DOG

Grace Church

“Father Jack”, as he is affectionately known, has served the parishioners of Grace Episcopal Church as their rector since 2004.

See the dog.

See the dog at the table.

See the dog run around the table.

See the dog on the table. (Bad dog!)

See the dog under the table eating the crumbs.

 

Prepositions.

Where is the dog in relation to the table?

A primer in grammar and a primer in faith.

 

Being called a dog has always been an insult, all over the world, for different reasons it is meant at best to shock or at worst to insult.

Even dog lovers consider it an insult for a human person to be called a dog, though they consider it an insult to the dignity and honor of their four footed friends.

 

The people of Israel just didn’t have much use for dogs. They weren’t allowed in their homes. The dog had a place in the world, it just wasn’t around here, it was part of how God intended the proper ordering of the Universe.

The word “dog” for a first century Jew, was a term used for those without any sense or dignity or respect for how God created and ordered the world, disrespectful, irreverent and foolish. As proverb 26:11 states, “Like a dog that returns to its vomit is a fool who reverts to folly.”

It was a term reserved largely to the vile and the ignorant and especially for Gentiles.

Gentiles are that large segment of humanity who are not Jewish, who are not chosen by God as an instrument of revelation to the world, who are not aware of God’s words, God’s commandments, God’s worship, God’s place in this good creation.

A gentile dog is something to pity and scorn for their ignorance and foolish waste of the holiness of being God’s creation.

Dog is a big word, especially when used by a Jew to refer to a Gentile.

It is a four letter word, with a deep and ancient theology leashed around its neck.

 

What is at stake in this one word is the whole calling to be God’s people, to be set apart, to be holy, to be in the world but not like the rest of the world.

What does it mean to belong to God? To serve God? To love and worship the Holy One? We have been the recipient and witness to miracles, wonders and blessings beyond measure. How can we not live a life that is defined by the gratitude of belonging to such an Almighty God.

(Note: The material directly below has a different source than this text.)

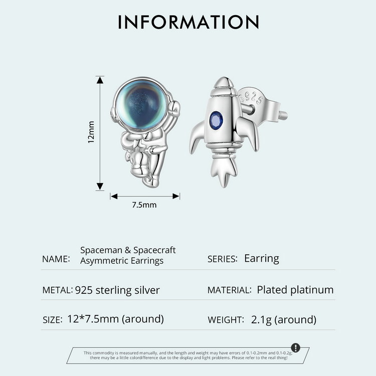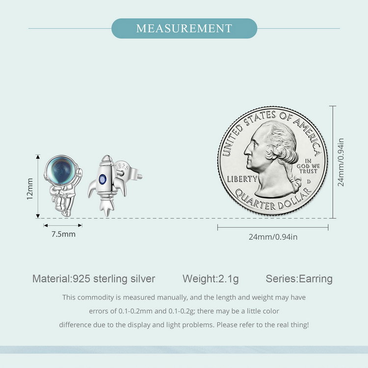 Dimensiuni: astronaut 12 x 7,5 mm, racheta 11 x 9 mm, Greutate 2,1 grame
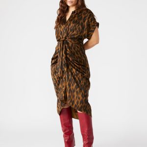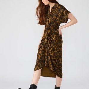 The TORI dress has a rolled collar and cuffed short sleeves, with an adjustable gathered tie-front waist and a high-low hem. The dress is finished with a washed satin texture, giving it a polished look.

If we don’t then we have no more sense than a dog.

 

But how do we do that?

Scripture is full of the struggle to answer that question.

 

Whether it is Jonah saying God cannot forgive the Ninevites, a Gentile nation, and God saying, “Oh yes I can.”

On the other hand we have Zephaniah which is very clear on the limits of God’s mercy and the call of Israel to be set apart from other nations and how they do things.

The Old Testament is full of commandments to be hospitable to strangers and visitors from other nations while at the time having commandments prohibiting their presence and practices.

There is the rub.

How do we be generous and hospitable, as gracious as God who has been and continues to be gracious?

How do we reach out and welcome the world in God’s name, while at the same time not becoming like so much of the world which lives without any sense of God’s holiness or gratuitous graciousness? Worldliness is contagious, it rubs off.

 

And that debate within Israel continues down to this story about a Gentile woman, a Canaanite, begging Jesus to save her child from demon possession.

And Jesus says, “No”, he is here for Israel.

Yet she persists, she argues with God like Abraham, she strives with God like Jacob, refusing to let go.

Jesus says it would not be fair to take food from desperate and lost children to feed dogs.

And she answers, “Yes, Lord, yet even dogs eat the crumbs that fall from the master’s table.”

Jesus says she has great faith and her child is healed instantly.

A thousand years of prophesy and arguments play out in a few short brutal sentences. There is nothing polite about what Jesus says. It is as abrupt and biting as it sounds. Yet the woman’s piercing answer and her persistent stubborn faith cross over the ancient divide.

 

It doesn’t really answer the age old debate of how to be in the world without being of the world, except perhaps to err on the side of generosity rather than on the side of stinginess, which says plenty.

It says faith looks a lot like arguing, going to bat for someone else.

But, what it really says is that God’s graciousness can handle the hard questions that we can’t see past.

It says that even a dog can have faith.

Yes, a dog can go to heaven.

 

The prepositions of faith are not so much about where we are in relation to the table as it is that the table is there over every one, and for everyone. There is more than enough.

And all God’s dogs said, “bark!” and woke up the whole neighborhood.